The trailing edge of an airplane wing is a good example of the need for simultaneous optimization of point-to-geometric shape relationships for spatial transformations. To efficiently manufacture optimal airplane wings, we need to optimize the position of the fittings that hold the trailing edge control surfaces relative to one another, and relative to the wing as a whole. Point measurements made of the control surface hinge line fittings have tight requirements normal to their design hinge line, while their position along the line is not as critical.
Measurements made on the spar’s web surface (the primary structure that holds the hinge fittings) have tight requirements normal to the design surface, but are not generally constrained on their position on the web surface. Measurements of the hole locations in the spar’s web that are used to rivet the hinge line fitting to the spar have known positions on the surface, while their distance normal to surface may not be critical. This is because the holes go all the way through the web structure; meaning the hole location on the surface is important, not the depth of the hole.
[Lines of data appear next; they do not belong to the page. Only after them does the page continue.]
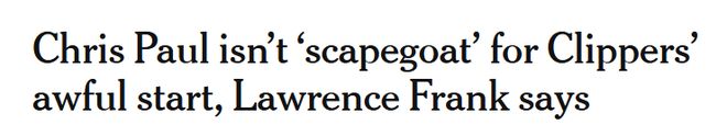 北京时间12月4日,在决定与未来名人堂控卫克里斯-保罗分道扬镳后,洛杉矶快船队篮球运营总裁弗兰克为球队本赛季的糟糕表现承担了“全部责任”,同时向媒体和球迷保证,球队并未将保罗当作替罪羊。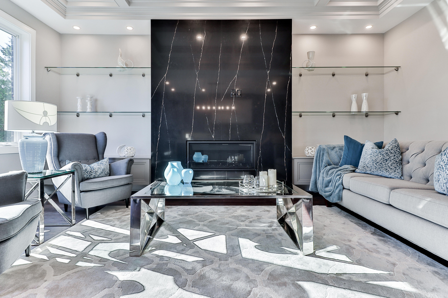 An architectural masterpiece located in Bel Air, Palazzo di Vista has arguably the greatest views of Los Angeles, stretching from the San Gabriel Mountains to the Channel Islands. The estate sits at the top of a promontory with the main entrance featuring a floating marble bridge-like pathway that leads to a towering, opulent front door. Inside the living room, a retractable DJ table provides unique entertainment and compliments the modern feel of the glass elevator encompassed by a Feng Shui Koi pond.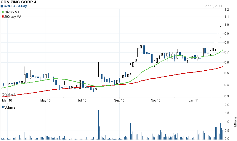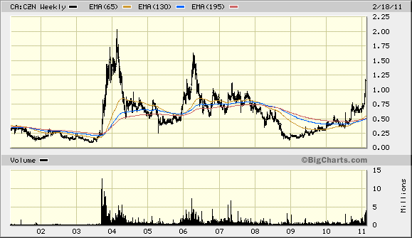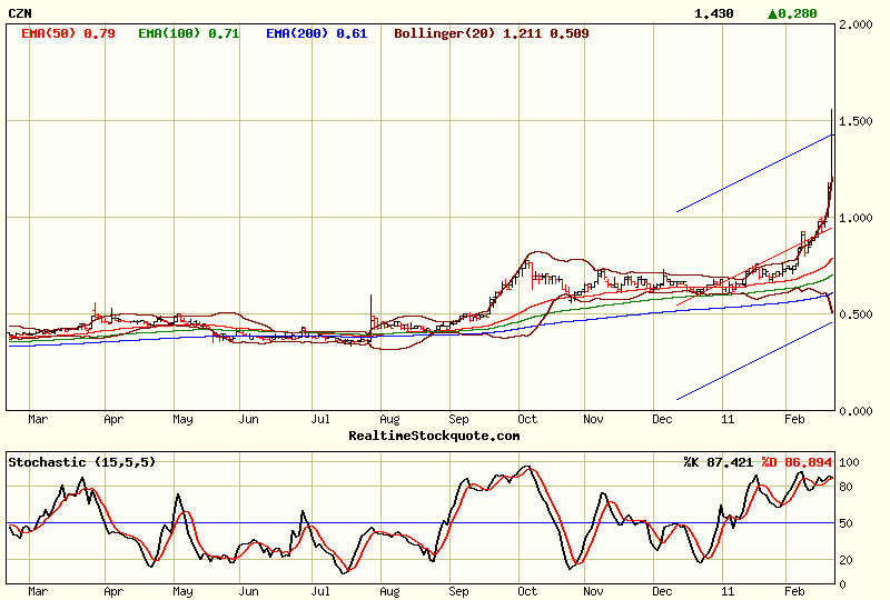 Sehr interessant, Lucky. Wie die Zeit vergeht ! Dachte mir, die CZN käme nie richtig in Gang, hatte die letzten Stücke im Mai 2007 zu 1,05 C$ verkauft.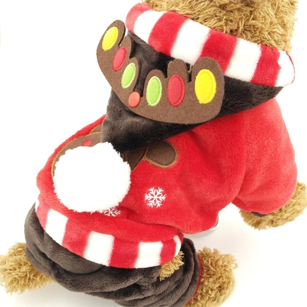 Новогодний костюм для собаки Олененок выполнен из плюшевого материала красно-коричневого цвета. Комбинезон с капюшоном в виде мордочки новогоднего Оленя в колпаке.

In this case, at least three points to geometry relationships should be created:
- First, the group of hinge line measurements should be constrained to their design hinge lines in the first relationship.
- A second relationship should capture the distance between the web surface measurements and the web’s design surface.
- The third relationship should hold the distance between the measurements of the holes to each hole’s design centerline.
Typically, control surface hinge line design requirements are tighter than web surface or rivet hole location tolerances. Therefore, the hinge line relationships should be considered more important and given a higher weight relative to the other relationships.
The best orientation of the measurements of the real part to the design geometry can be found by simultaneously optimizing the measured points against the constraints defined by the relationships. The optimization will yield the best spatial transformation between the measured point’s current position and the new position that minimizes the relationships and helps produce the best wing.